- _RAW DATA_:
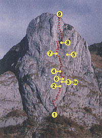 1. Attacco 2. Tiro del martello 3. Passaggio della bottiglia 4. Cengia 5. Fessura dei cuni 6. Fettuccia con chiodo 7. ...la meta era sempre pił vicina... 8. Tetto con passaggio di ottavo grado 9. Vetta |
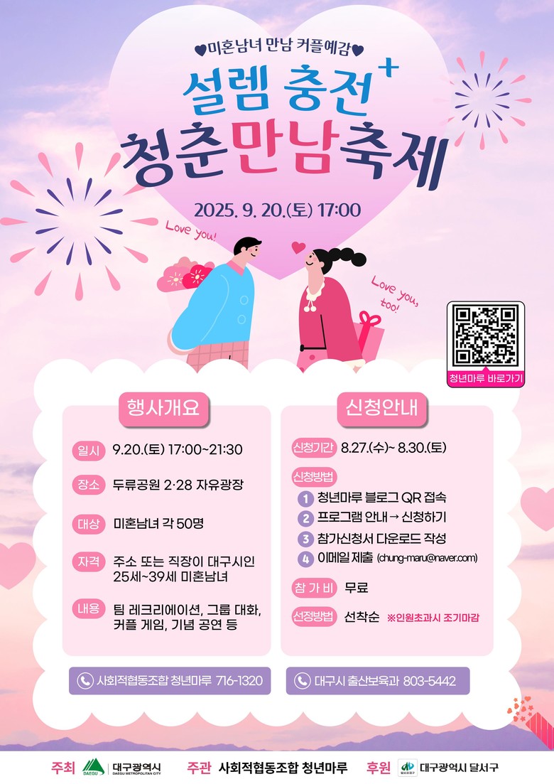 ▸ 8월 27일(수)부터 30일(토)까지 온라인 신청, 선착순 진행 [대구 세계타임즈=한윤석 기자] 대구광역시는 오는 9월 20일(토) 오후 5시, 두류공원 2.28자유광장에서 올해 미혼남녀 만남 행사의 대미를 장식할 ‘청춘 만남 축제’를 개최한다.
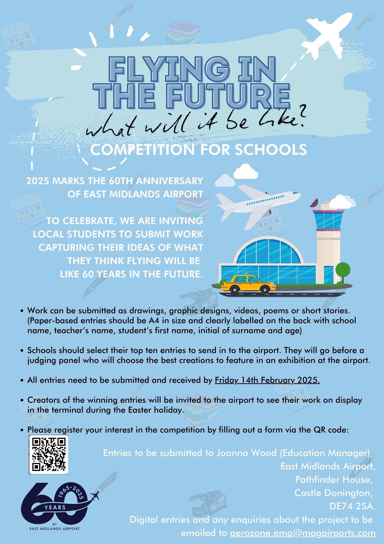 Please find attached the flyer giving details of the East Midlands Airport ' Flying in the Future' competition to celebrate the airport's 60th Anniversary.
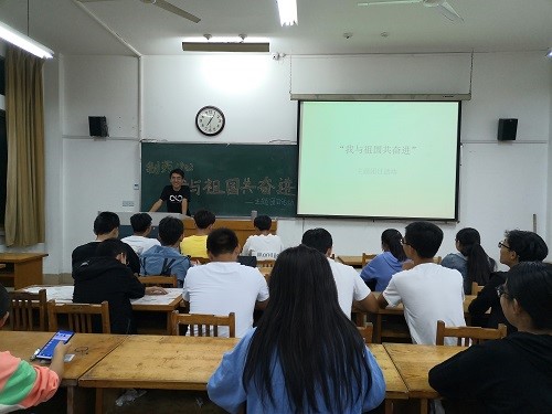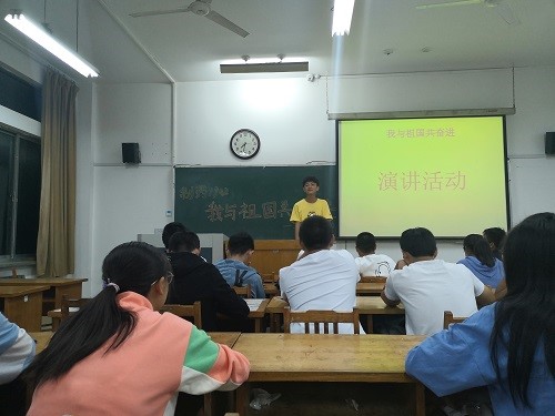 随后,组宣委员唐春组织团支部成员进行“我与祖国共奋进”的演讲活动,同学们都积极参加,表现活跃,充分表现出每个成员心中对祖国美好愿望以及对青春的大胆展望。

- _WHAT THE TASK ASKS_: An exact copy of the listing is required; return it without any pictures.

- _COMPLETED TASK_:
 1. Attacco 2. Tiro del martello 3. Passaggio della bottiglia 4. Cengia 5. Fessura dei cuni 6. Fettuccia con chiodo 7. ...la meta era sempre pił vicina... 8. Tetto con passaggio di ottavo grado 9. Vetta |
 ▸ 8월 27일(수)부터 30일(토)까지 온라인 신청, 선착순 진행 [대구 세계타임즈=한윤석 기자] 대구광역시는 오는 9월 20일(토) 오후 5시, 두류공원 2.28자유광장에서 올해 미혼남녀 만남 행사의 대미를 장식할 ‘청춘 만남 축제’를 개최한다.
 Please find attached the flyer giving details of the East Midlands Airport ' Flying in the Future' competition to celebrate the airport's 60th Anniversary.
 随后,组宣委员唐春组织团支部成员进行“我与祖国共奋进”的演讲活动,同学们都积极参加,表现活跃,充分表现出每个成员心中对祖国美好愿望以及对青春的大胆展望。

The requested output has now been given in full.